可惜了,看著最好惹的人恰恰是最不好惹的,西極的眼睛一下就瞪了起來,嫌棄英語罵人詞彙匱乏,先用漢語罵了一串,然後用英語質問,「什麼玩意兒,你們是什麼東西就按規定攔人,哪裡的規定?我怎麼不知道什麼時候保安還有執法權了!擱這兒哄傻子呢!」
保安一看,居然是個暴躁的刺頭,但也沒把西極看在眼裡,拿出警棍對著西極,「你不要大喊大叫,給我舉起雙手站好!」
周圍的人都聽到動靜,被吸引了目光朝這邊觀望起來。
西極輕蔑地哼笑了一聲,呼吸之間一把抓住保安手裡的警棍往下一拉,膝蓋向上一頂,對方的臉就重重砸在了他的膝蓋上,鼻骨瞬間骨折,血花四濺,然後他抬腿一腳,就把對方踢了出去。

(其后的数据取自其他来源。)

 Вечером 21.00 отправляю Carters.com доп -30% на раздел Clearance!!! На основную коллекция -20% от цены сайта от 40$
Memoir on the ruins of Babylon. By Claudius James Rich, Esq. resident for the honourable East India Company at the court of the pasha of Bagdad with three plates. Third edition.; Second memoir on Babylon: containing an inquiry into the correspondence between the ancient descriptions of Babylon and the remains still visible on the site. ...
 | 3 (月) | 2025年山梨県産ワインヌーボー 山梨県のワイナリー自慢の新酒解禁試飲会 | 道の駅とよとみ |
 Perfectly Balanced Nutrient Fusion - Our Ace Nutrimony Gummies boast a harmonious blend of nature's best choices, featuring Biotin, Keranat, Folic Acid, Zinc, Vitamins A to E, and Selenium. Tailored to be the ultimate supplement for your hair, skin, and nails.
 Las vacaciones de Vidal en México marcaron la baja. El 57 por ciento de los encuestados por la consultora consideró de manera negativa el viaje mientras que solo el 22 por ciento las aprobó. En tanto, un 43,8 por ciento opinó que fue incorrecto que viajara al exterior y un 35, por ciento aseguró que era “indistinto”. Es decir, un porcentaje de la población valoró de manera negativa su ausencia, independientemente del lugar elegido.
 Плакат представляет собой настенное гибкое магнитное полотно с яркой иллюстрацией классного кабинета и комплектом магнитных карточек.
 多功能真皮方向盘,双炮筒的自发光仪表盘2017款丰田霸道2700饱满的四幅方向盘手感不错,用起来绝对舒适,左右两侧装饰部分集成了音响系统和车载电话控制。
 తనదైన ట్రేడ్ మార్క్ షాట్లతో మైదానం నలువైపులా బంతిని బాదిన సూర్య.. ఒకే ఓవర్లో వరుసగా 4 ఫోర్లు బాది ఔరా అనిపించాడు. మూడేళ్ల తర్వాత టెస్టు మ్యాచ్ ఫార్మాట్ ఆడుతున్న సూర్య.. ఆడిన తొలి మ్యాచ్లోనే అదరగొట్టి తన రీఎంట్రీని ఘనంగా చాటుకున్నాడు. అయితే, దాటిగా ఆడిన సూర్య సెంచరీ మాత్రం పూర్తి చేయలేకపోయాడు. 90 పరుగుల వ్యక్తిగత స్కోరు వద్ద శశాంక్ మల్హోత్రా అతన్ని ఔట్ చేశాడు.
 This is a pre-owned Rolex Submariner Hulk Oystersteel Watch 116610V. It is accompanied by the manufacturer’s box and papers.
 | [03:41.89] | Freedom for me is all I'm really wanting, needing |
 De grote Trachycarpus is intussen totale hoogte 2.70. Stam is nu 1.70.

前後不過幾秒鐘,西極就連動作都很鬆弛,就像是在逗人玩兒一樣,但一個保安已經捂著臉倒在地上動彈不得,另一個看得目瞪口呆,渾身僵硬。
他走過去一腳踩住地上那個保安的胸膛,然後對另外一個保安說,「打電話報警。」
那個保安一臉懵逼。
「愣著幹什麼,我把人打了,讓你趕緊打電話報警!」西極「嘖」了一聲,嚇得保安的手機都差點掉在地上。
警察很快趕了過來,先是驅散開了圍在一圈取到了行李還留著看熱鬧的人,然後才過來要解決依然腳踩保安的西極和站在一旁臉色平淡的青梨。
「把腳放開!」一個年輕警察一邊喊一邊就要從腰間拔出手槍,結果後腦被人狠狠拍了一巴掌。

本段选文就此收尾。